Material provided →
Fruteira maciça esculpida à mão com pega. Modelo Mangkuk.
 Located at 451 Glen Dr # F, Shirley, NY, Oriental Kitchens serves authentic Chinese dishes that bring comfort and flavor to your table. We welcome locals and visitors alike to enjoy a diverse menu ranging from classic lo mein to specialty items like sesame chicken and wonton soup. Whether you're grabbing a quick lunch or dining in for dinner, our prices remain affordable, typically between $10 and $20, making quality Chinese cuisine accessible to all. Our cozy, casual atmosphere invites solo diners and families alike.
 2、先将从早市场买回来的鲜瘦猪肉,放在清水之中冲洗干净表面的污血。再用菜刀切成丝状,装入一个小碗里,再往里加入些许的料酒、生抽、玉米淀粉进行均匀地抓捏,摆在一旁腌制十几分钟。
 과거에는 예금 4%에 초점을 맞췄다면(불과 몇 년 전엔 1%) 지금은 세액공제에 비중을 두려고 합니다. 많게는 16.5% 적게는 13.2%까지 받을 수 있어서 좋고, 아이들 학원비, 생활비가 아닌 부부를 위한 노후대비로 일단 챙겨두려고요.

...

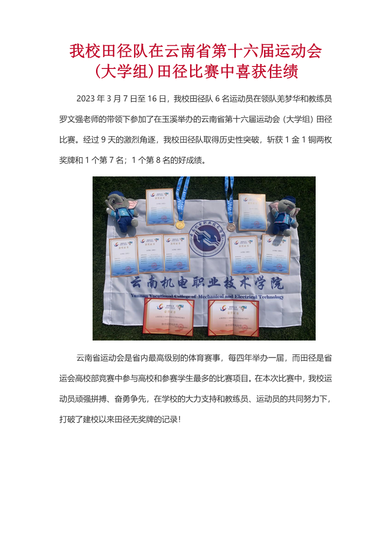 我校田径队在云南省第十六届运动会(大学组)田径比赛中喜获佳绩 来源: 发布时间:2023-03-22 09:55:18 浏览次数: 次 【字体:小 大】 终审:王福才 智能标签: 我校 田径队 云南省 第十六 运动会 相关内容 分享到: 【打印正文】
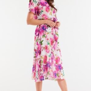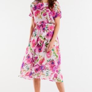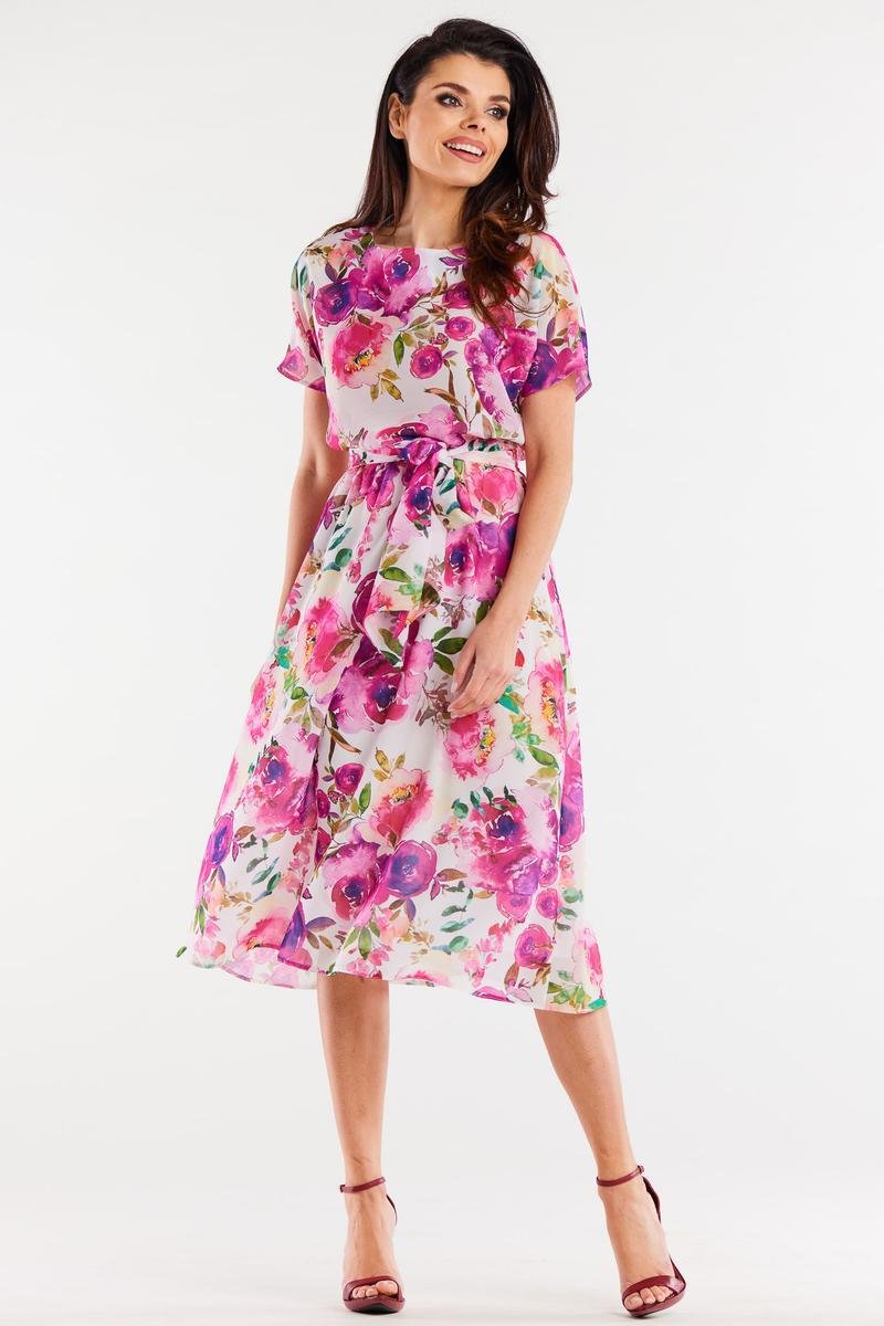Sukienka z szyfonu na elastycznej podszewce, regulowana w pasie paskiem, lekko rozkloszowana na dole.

What needs to be done → From the entries above, return exactly the line containing "Located at 451", the line containing "과거에는 예금 4%에", and all lines between, and nothing else.

Expected output →
 Located at 451 Glen Dr # F, Shirley, NY, Oriental Kitchens serves authentic Chinese dishes that bring comfort and flavor to your table. We welcome locals and visitors alike to enjoy a diverse menu ranging from classic lo mein to specialty items like sesame chicken and wonton soup. Whether you're grabbing a quick lunch or dining in for dinner, our prices remain affordable, typically between $10 and $20, making quality Chinese cuisine accessible to all. Our cozy, casual atmosphere invites solo diners and families alike.
 2、先将从早市场买回来的鲜瘦猪肉,放在清水之中冲洗干净表面的污血。再用菜刀切成丝状,装入一个小碗里,再往里加入些许的料酒、生抽、玉米淀粉进行均匀地抓捏,摆在一旁腌制十几分钟。
 과거에는 예금 4%에 초점을 맞췄다면(불과 몇 년 전엔 1%) 지금은 세액공제에 비중을 두려고 합니다. 많게는 16.5% 적게는 13.2%까지 받을 수 있어서 좋고, 아이들 학원비, 생활비가 아닌 부부를 위한 노후대비로 일단 챙겨두려고요.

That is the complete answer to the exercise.